OpenPOWER Foundation was setup by IBM as an opportunity to widen the access to IBM Power technology. IBM’s self stated plan at launch was to give all the partners full access to the POWER architecture to create, modify and build what they wanted.

It already has partners in China who have added Chinese language sets and numerical processors to the POWER8 core and those will be manufactured and installed inside IBM POWER8 systems in China. It is this level of partnership that IBM is talking about when it calls OpenPOWER an open technology foundation.

It has specific benefits for IBM as well. The image below comes from an analyst presentation that IBM made a week ago introducing these new servers. It shows where IBM is taking advantage of developments from its OpenPOWER Foundation partners rather than having to spend significant sums in R&D to develop these same components itself.

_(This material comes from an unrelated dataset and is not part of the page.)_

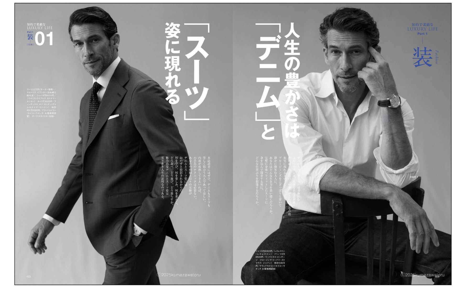 今号の大特集では、いま、大人の装いに於いて大切なことをストイックに提案。例えば、人生の豊かさは「デニム」と「スーツ」姿に現れる。この2つほど、着る人の”中身”が現れる装いはない。デニムとスーツが等しく似合う大人こそラグジュアリーな生きざまであると紹介。

IBM Power Systems developed with OpenPOWER partners
IBM Power Systems developed with OpenPOWER partners

This second image, below also shows how closely the OpenPOWER Foundation partners are embedded into IBM Power Systems when it comes to monetise OpenPOWER technology.

OpenPOWER Systems
OpenPOWER Systems

What makes both of these images interesting is that it is clear that IBM is keen to show the OpenPOWER Foundation partners that this is more than just access to the technology. It wants them to help it speed up the deployment of Power Systems into the wider market as part of its battle against Intel, especially in the data centre and Linux space.

This represents an interesting challenge for some of these companies as they work with both IBM and Intel. At present and for the foreseeable future there is plenty of money for these partners to make off of both vendors. The question is whether IBM can turn Power System and in particular OpenPOWER into a bigger revenue earner for each of these partners than their current Intel relationships.

Conclusion

These are well positioned boxes for IBM and continue its war with Intel in the Linux big data space. It is again claiming supremacy over Intel in terms of performance and it won’t be long before we see an Intel partner release from HP, Dell, Huawei or Lenovo release refuting the IBM claims above.

IBM is being smart here in making the most of its relationship with the OpenPOWER Foundation. While there is no remit for the partners to sell back to IBM there is very little white box activity around OpenPOWER yet. As Tyan and others begin to bring more motherboards to the market and even start showing them at places such as CeBIT and COMPUTEX, that market will grow.